Desastres naturales que destruyen sueños

“La vida es sencilla en nuestro pueblo”, cuenta Biboy, de 12 años de edad y estudiante de la Escuela Primaria Buluang, en la provincia filipina de Camarines Sur. Pero cuando el súper tifón Nina –conocido internacionalmente como Nock-Ten– golpeó el archipiélago filipino el día de Navidad de 2016 todo cambió. Biboy aún se emociona hasta las lágrimas cuando recuerda el hambre, la lluvia y el calor después de la tormenta: “Las familias como la nuestra apenas podíamos comer. No teníamos dónde dormir ni sombra en la que resguardarnos”.

Koica-Filipinas


Biboy es uno de los más de 600.000 niños y niñas afectados por el súper tifón Nina. Para todos ellos se puso en marcha el proyecto EARLi (Education Assistance for Children and Rehabilitation of Livelihood Project), Proyecto de Asistencia Educativa para Niños y Rehabilitación de los Medios de Subsistencia, según sus siglas en inglés, que cubre los 39 barangays –barrios– más afectados de Nabua y Bato, en Camarines Sur, así como Libon, en Albay.
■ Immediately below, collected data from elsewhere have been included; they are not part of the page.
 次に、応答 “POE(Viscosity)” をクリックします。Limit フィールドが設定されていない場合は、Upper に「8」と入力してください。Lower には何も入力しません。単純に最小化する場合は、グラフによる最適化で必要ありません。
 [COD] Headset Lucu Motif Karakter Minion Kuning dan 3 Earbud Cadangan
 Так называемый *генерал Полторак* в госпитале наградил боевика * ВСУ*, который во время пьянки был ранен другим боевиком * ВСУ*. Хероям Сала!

El proyecto EARLi tiene como objetivo asegurar el derecho de los niños a la educación, incluso después de los desastres. En este sentido, el proyecto incluye la rehabilitación de las aulas dañadas, la creación de espacios de aprendizaje temporales mientras se reconstruyen las escuelas y el reparto de más de 9.000 paquetes de materiales didácticos. Además, las escuelas y las comunidades están llevando a cabo jornadas acerca de la reducción y el manejo del riesgo de desastres centrados en la infancia para que los niños estén siempre incluidos en las acciones de preparación y rehabilitación ante los desastres.
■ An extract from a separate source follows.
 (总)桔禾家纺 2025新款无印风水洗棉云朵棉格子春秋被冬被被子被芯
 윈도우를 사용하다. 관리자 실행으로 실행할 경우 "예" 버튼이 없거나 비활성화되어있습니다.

La inauguración del proyecto EARLi tuvo lugar el pasado 26 de abril en el municipio de Libon y contó con la asistencia de 160 profesores, ganaderos, pescadores, oficiales comunitarios y niños. El proyecto, implementado por Educo y ChildFund Korea con el apoyo de la Agencia de Cooperación Internacional de Korea (KOICA), se llevará a cabo durante nueve meses, de abril a diciembre, y beneficiará a más de 9.000 niños y niñas, más de 550 profesores, 750 familias y más de 500 miembros del Gobierno local.

“Por el momento continuaré soñando que un día conseguiré acabar mis estudios”, dice Biboy.